Le succès ou l’échec de l’Inspection du pipeline Druzhba déterminera la capacité de l’Union européenne à gérer ses propres crises internes sans compromettre son soutien à ses alliés extérieurs. La pression monte sur les épaules d’Antonio Costa pour trouver un compromis qui satisfasse à la fois les exigences de sécurité de Budapest et les besoins urgents de liquidités de Kiev.
Vers une cartographie précise des dommages
Une Inspection du pipeline Druzhba complète prendrait environ deux semaines selon les estimations techniques. Elle permettrait de classer les dommages en trois catégories : mineurs (réparables immédiatement), majeurs (nécessitant des pièces de rechange spécifiques) et critiques (impliquant une reconstruction totale de sections entières). Cette clarté est ce que réclament les raffineurs d’Europe centrale pour planifier leur production annuelle.

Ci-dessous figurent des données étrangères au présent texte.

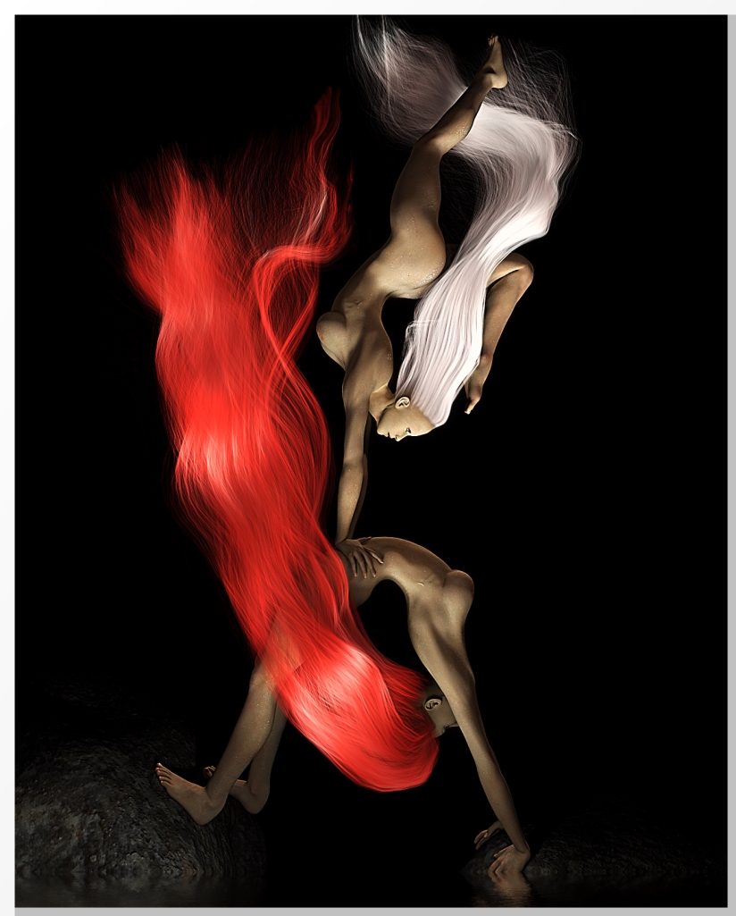 Starkes Bild - sehr gelenkig die Damen und diese Haare

Les conséquences d’un refus de l’UE
Si l’Union européenne rejette la demande d’Inspection du pipeline Druzhba, la Hongrie a déjà prévenu qu’elle utiliserait son droit de veto sur toutes les prochaines décisions concernant l’Ukraine. Cette politique de la chaise vide pourrait paralyser le fonctionnement de l’UE pendant plusieurs mois, au moment même où la situation sur le front nécessite une réponse rapide et coordonnée.

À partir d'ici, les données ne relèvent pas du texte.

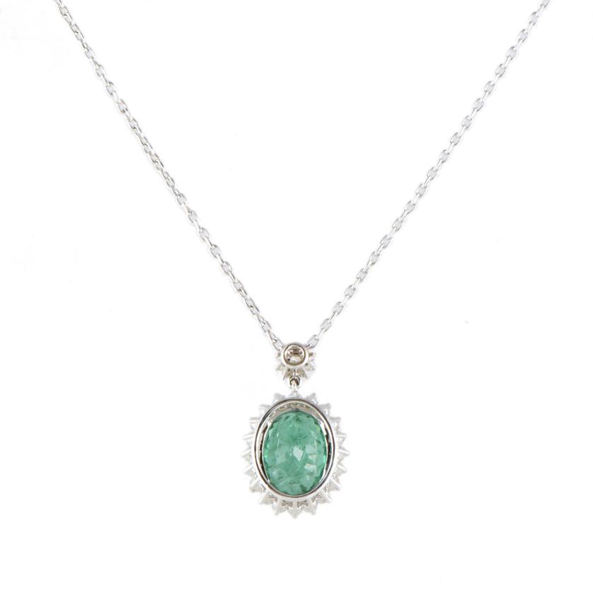 18 kt white gold. Zambian oval cut emerald, 3.89 ct.

Le dossier de l’Inspection du pipeline Druzhba est donc bien plus qu’une question de tuyauterie. C’est le test ultime de la cohésion européenne face à la fatigue de la guerre et aux intérêts nationaux divergents. Chaque camp observe désormais les mouvements de l’autre, attendant le signal qui permettra, peut-être, de rouvrir les vannes.

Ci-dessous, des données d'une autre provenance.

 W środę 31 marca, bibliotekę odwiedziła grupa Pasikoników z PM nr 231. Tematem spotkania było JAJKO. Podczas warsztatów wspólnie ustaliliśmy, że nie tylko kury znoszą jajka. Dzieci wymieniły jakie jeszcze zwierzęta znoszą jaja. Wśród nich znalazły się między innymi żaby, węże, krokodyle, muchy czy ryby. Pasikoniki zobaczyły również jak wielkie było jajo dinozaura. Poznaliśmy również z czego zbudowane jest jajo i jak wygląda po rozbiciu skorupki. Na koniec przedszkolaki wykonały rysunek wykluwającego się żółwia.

Géopolitique du brut et résonance transcontinentale unique
L’issue de cette crise redéfinira durablement la manière dont les pays enclavés négocient leur dépendance aux infrastructures héritées de l’ère soviétique. En exigeant cette vérification factuelle, la Hongrie ne cherche pas seulement à sécuriser son pétrole, mais à imposer une nouvelle norme de transparence dans les relations entre l’UE et ses pays candidats. L’influence d’Orbán sur l’échiquier énergétique européen n’a jamais été aussi manifeste, transformant une simple canalisation en un levier de pouvoir absolu.